As always, we would love to hear from you! Please share your feedback with our team.
Jennifer on behalf of the Data Commons team
22 Apr 2022 – Jennifer Chen
Data Commons now includes 100+ sources of Sustainability data, covering topics from climate predictions (CMIP 5 and CMIP 6) from NASA, emissions from EPA, energy from EIA, NREL and UN, disasters from USGS and USFS, health from CDC and more. You can learn more about the launch of Sustainability Data Commons on the Google Keyword Blog.
As always, we are eager to hear your feedback.
Jennifer on behalf of the Data Commons team
10 Oct 2021 – Natalie Diaz
Over the past few months, we’ve continued to incorporate new data into our knowledge graph and develop new tools. Here are some of the highlights:
New Statistical Variable Explorer
As Data Commons has grown, the number of Statistical Variables has increased. With over 300k variables to choose from (and counting!), we wanted to make it easier for you to find the right variables for your analysis. To address this, we added a new tool for exploring Statistical Variables. The tool provides metadata about the observations, places, and provenances we have for each variable.
Lately, we’ve been focused on building up our inventory of sustainability-related data. Some of recent our imports include:
- Several of the IPCC RCP scenarios (e.g. Max Daily Temperature Based on RCP 8.5 in the US)

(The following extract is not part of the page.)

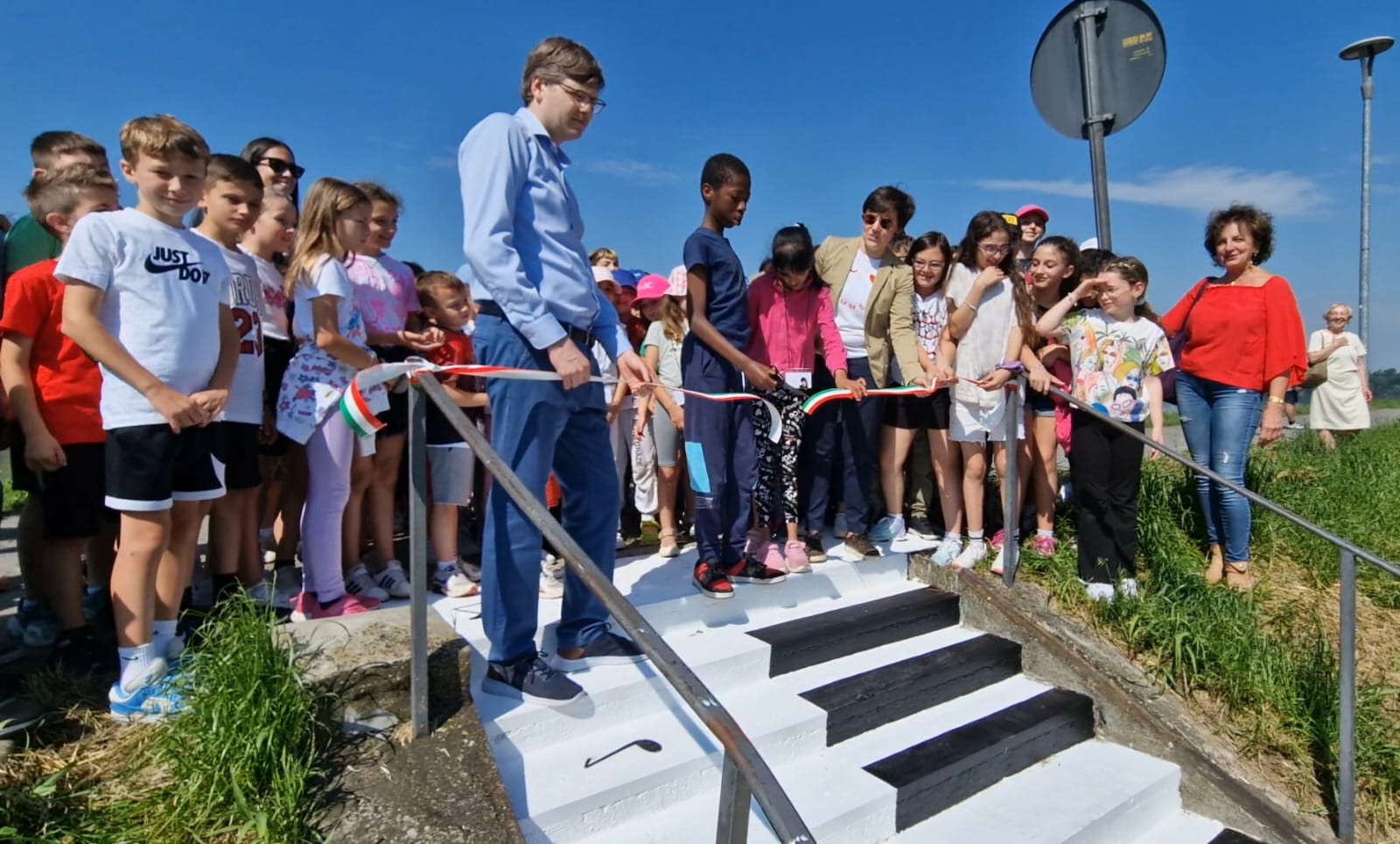 Cura il paese, immaginando qualcosa di bello. Parola ai giovani, allora, ai bambini, alle scuole. In particolare le elementari di Vicomoscano. A Casalmaggiore nasce così verso l’argine maestro la scalinata della musica. I bambini, di fatto, nei giorni scorsi hanno ritinteggiato, dopo avere ottenuto da Aipo, mediante il tramite del comune di Casalmaggiore, il nulla osta da Aipo, la scalinata che si trova in corrispondenza di San Rocco e del Torrione. Prima una mano di bianco, poi il nero per creare l’effetto pianoforte, come se appunto la scalinata fosse lo strumento a tasti più noto di tutti.

- WHO’s Global Health Observatory (e.g. Prevalence (%) of females in the US with BMI of 30 or greater, Percent of rural population in South Africa with at least basic drinking water services, and Percent of urban population in the US with household expenditures on health greater than 10% of total household expenditure or income)
- UN’s Energy Statistics Database (e.g. Annual Generation of Coal in the US)
- EPA’s Greenhouse Gas Reporting Program (e.g. Greenhouse Gas emissions from large facilities in Santa Clara County, and California, as well as EPA reporting facilities such as Anheuser Busch Baldwinsville Brewery and Glen Burnie Landfill)
- Stanford’s DeepSolar (e.g. Count of Solar Installation per capita in California)
We’re also in the process of importing a large number of US Census American Community Survey Subject Tables, which contain detailed demographic data about a variety of topics. For example:
- Count of With Food Stamps in The Past 12 Months, Below Poverty Level in The Past 12 Months per capita
- Count of Single Mother Family Household, Some College or Associate’s Degree
New Import Tool
We’ve made it easier for contributors to add datasets to Data Commons with our new open source command-line tool. This tool provides linting and detailed stats validation, streamlining our data ingestion process and making it more accessible.
Check out our Github repo here.
As always, please feel free to share any feedback.
Natalie on behalf of the Data Commons team
01 Jun 2021 – Carolyn Au
We’ve been hard at work since we surfaced Data Commons in Google Search last October. Some of the exciting features we’ve added include:
Place Explorer is now available in 8 languages in addition to English: German, Spanish, French, Hindi, Italian, Japanese, Korean and Russian. Additionally, support for these languages are carried forward from Google Search, here’s an example.
New Graph Browser
The Graph Browser was rewritten from the ground up to be faster and more responsive. It includes search support for the growing number of Statistical Variables available for each node, as well as redesigned to improve information density. Try it out for some nodes such as India, Unemployment Rate in Boston and Renal Cell Carcinoma.
New Scatter Plot Explorer
The new Scatter Plot Explorer enables quick visual exploration of any two statistical variables for a set of places. Try it out for Bachelor Degree Attainment vs Females per capita in California Counties or Covid-19 cases vs African Americans per capita among US States.
API Documentation Refresh
We participated in the 2020 Season of Docs, working with Anne Ulrich (@KilimAnnejaro) to completely refresh and improve our API documentation. Every API page was rewritten, in addition to new Google Sheets API tutorials. We had a wonderful time collaborating with Anne on this project and hope the improved documentation enables more developers to harness the power of our APIs.
New Stats API
We have also released a new set of APIs centered around statistics retrieval. There are different REST endpoints to retrieve a single statistical value, a statistical time series or the entire collection of statistical data for a set of places. We have used these APIs to build the new Scatter Plot Explorer and hope this enables other applications too.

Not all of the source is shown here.